Atsuo Inoue (井上 篤夫/いのうえあつお?, born July 15, 1947) is a Japanese writer and translator. He is regarded as an expert on cinema and works of Frank Capra.[1] and the author of Aiming High—A Biography of Masayoshi Son.
Biography[edit source]
Inoue was born in Gifu Prefecture, Japan, during the baby boom that took place after World War II. Many of his classes at Waseda University were cancelled due to student protests.
Beginning of career as reporter[edit source]
Inoue began writing magazine articles while he was in college and drafted articles for Weekly Playboy magazine, a leading magazine in Japan. Over the course of his career, he lived in the USA and interviewed many celebrities, including George Harrison, Jeffrey Archer, Brooke Shields, Muhammad Ali, Irving Wallace and Jack Carter, the son of President Jimmy Carter. His articles were published for the Weekly Playboy. In 1987, he published Winners of Young American Entrepreneurs, which is based on interviews with Bill Gates of Microsoft and Ted Turner, a founder of CNN.
Series of publishing[edit source]
Upon returning to Japan, Inoue translated and published books of poetry written by Nancy Woods, Dancing Moons and Shaman’s Circle.
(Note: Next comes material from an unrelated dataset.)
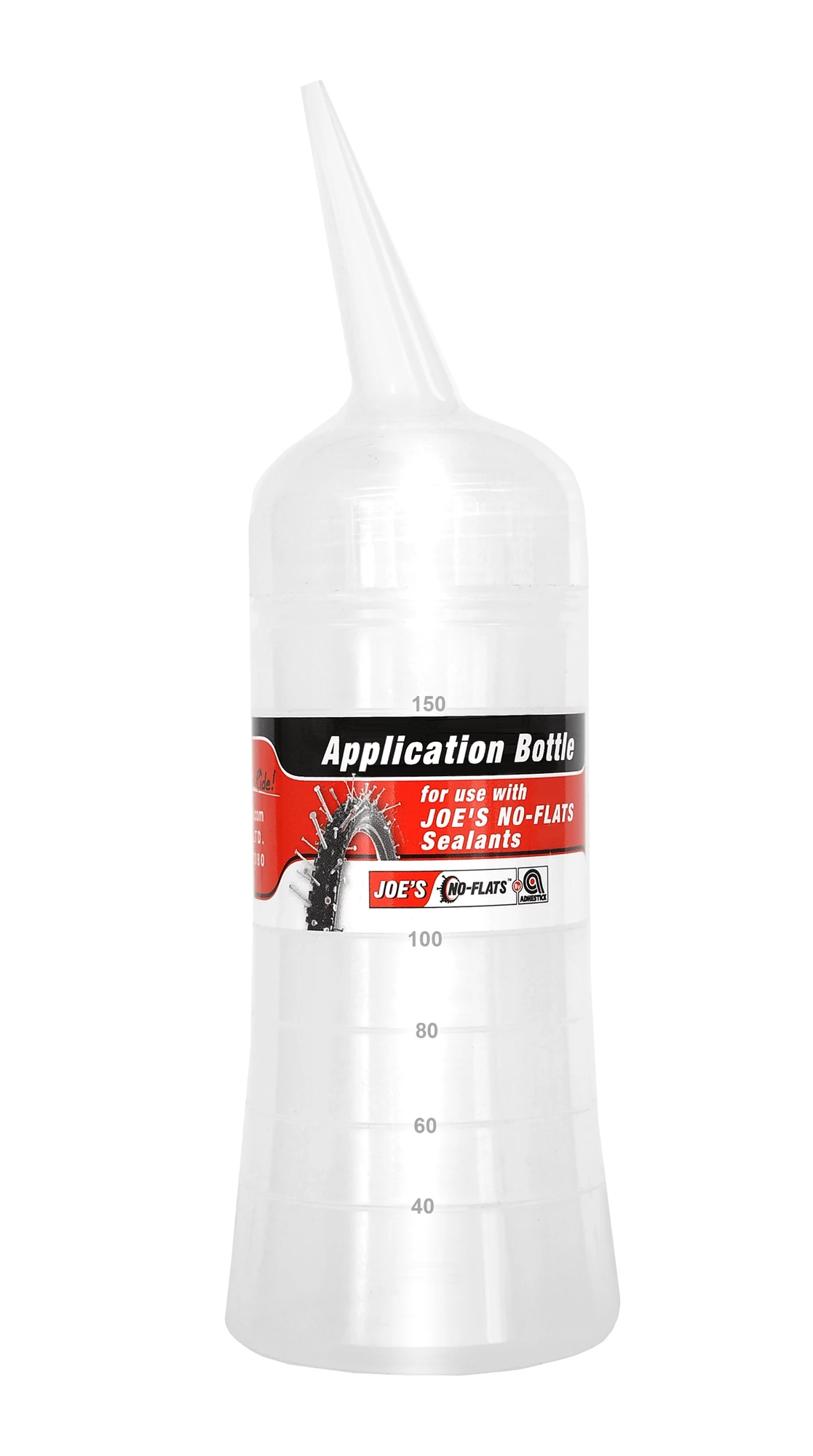 Påfyldningsflaske fra Joe’s No Flats. Gør det nemmere at få tubeless væske i dækkene. Tuden passer ned i alle ventilhuller.

Inoue interviewed friends and family of Marilyn Monroe to publish Recollection of Marilyn Monroe which tells the life story of the world-famous actress. In 2004, Inoue published the best seller Aiming High — A Biography of Masayoshi Son,[2] to tell the story of the SoftBank Corporation founder. Inoue has also translated a great number of literary works and biographies.
Recognition[edit source]
Wired– The Short Life and Fast Times of John Belushi by Bob Woodward,1985(Japanese translation) [3]
Winners of Young American Entrepreneurs by KK Bestsellers 1987
There Is the Friendship in Boston by Kawade Shobo 1990
Recollection Marilyn Monroe by Shueisha Bunko 1998
Shaman’s Circle by Nancy Woods 1998 (translation)
What Dogs Teach Us – Life’s Lessons Learned from Our Best Friends by Glenn Dromgoole 2003 (translation)
English Bouquet by Jitsugyo no Nihon Sha 2004
Ultimate Marilyn Monroe by SoftBank Creative 2006
American Origin –Going Boston to Learn Future of Japan by SoftBank Creative 2007
Dancing Moons by Nancy Woods 2007 (Japanense translation)
Political Sex Appeal – U.S. President and Hollywood by Shincho Bunko 2008 [4]
Michelle Obama – An American Story by David Colbert 2009 (Japanese translation) [5]
Making it Happen: the New 30 Year Vision of Masayoshi Son, published by Jitsugyo no Nihon Sha, 2010 [6]
How Wonderful, Frank Capra published by Shueisha Bunko 2011
Fragments: Poems, Intimate Notes, Letters of Marilyn Monroe, published by Seigensha Art Publishing, 2012(Japanese translation) [7]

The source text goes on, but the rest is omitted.